JesperAxelsson / rust-intmap

Specialized hashmap for u64 keys
MIT License
29 stars 10 forks source link

How was the prime number chosen? #45

Closed inorick closed 1 year ago

inorick commented 1 year ago

This is more of a question than an issue.

I was curious how the prime 11400714819323198549 was chosen. The Readme states that it is "the largest prime for u64". However, the largest prime below u64::MAX is 18446744073709551557 which is larger.

In any case, it would be interesting how the choice of the prime affects performance.

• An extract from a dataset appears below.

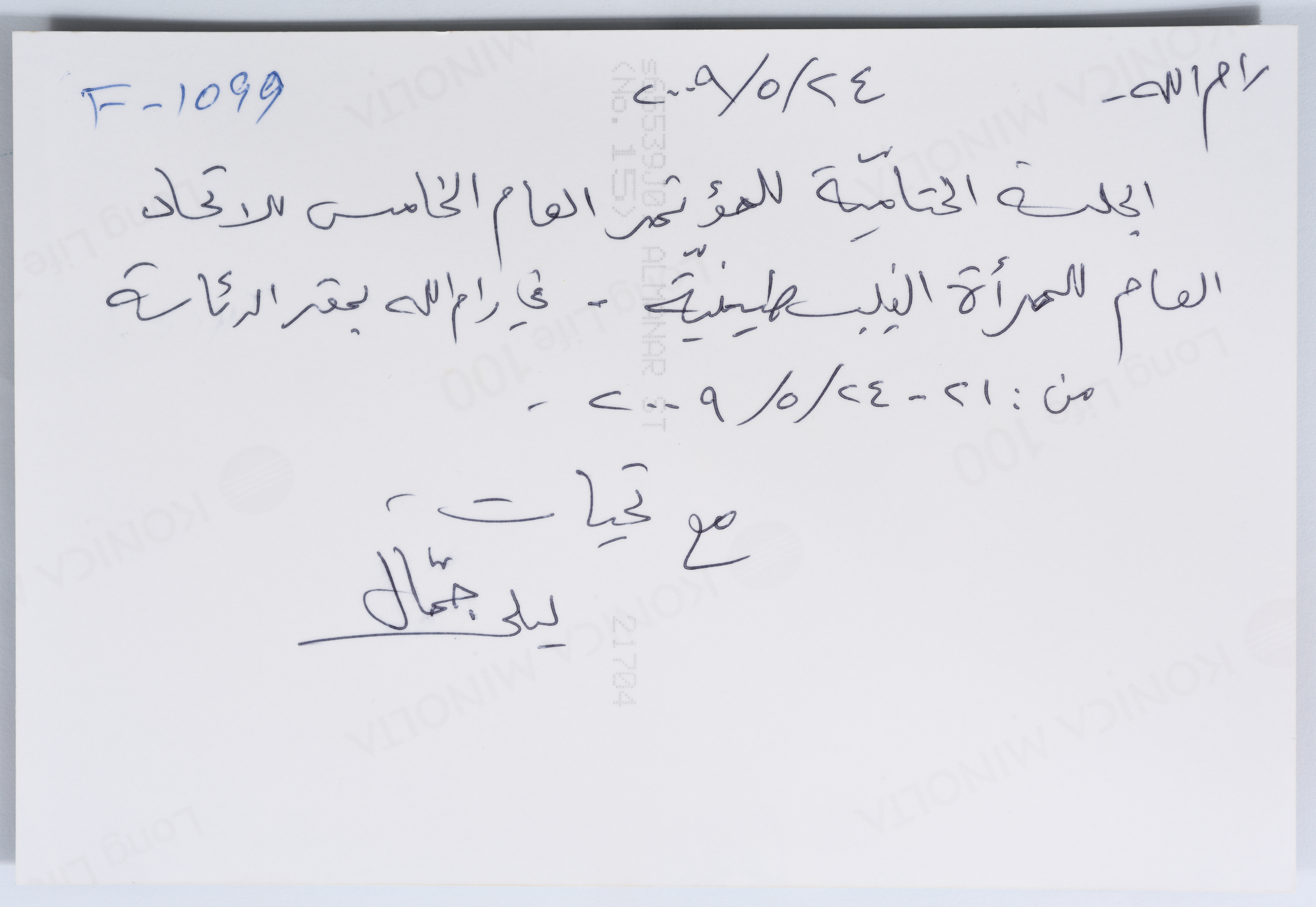 Muna al-Khalili (GPUW Sec. General), interview with PMDA researcher Lama Ghosheh, June - August 2018, non-transcript, the Palestinian Museum Digital Archive.

sigaloid commented 1 year ago

It's actually the closest prime number to the golden ratio's conjugate ($\frac{1}{\phi}$) when divided by u64::MAX, it's an optimization called "Fibonacci hashing". It isn't used a ton in real world implementations despite being more performant. I remember reading about it in Knuth's TAOCP.

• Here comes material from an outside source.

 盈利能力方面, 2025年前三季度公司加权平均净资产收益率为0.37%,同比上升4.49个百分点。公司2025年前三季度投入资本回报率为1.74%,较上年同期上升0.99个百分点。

The magic number here divided by u64::MAX: $\frac{11400714819323198549}{18446744073709551615} = \frac{1}{\phi} = 0.6180339887498948516559505626598896683193831281448476224881309663$

Basically, phi may (or may not) be the most irrational number (and if it's not, it's still a pretty good choice). Hence, the distribution with it is very high quality. When wrapping_mult on it, the distribution is highly random.

Here are some links: https://stackoverflow.com/a/33871291 https://book.huihoo.com/data-structures-and-algorithms-with-object-oriented-design-patterns-in-c++/html/page214.html https://probablydance.com/2018/06/16/fibonacci-hashing-the-optimization-that-the-world-forgot-or-a-better-alternative-to-integer-modulo/ https://www.cs.helsinki.fi/linux/linux-kernel/2002-00/1122.html

inorick commented 1 year ago

Thank you for the instructive links. It makes sense now.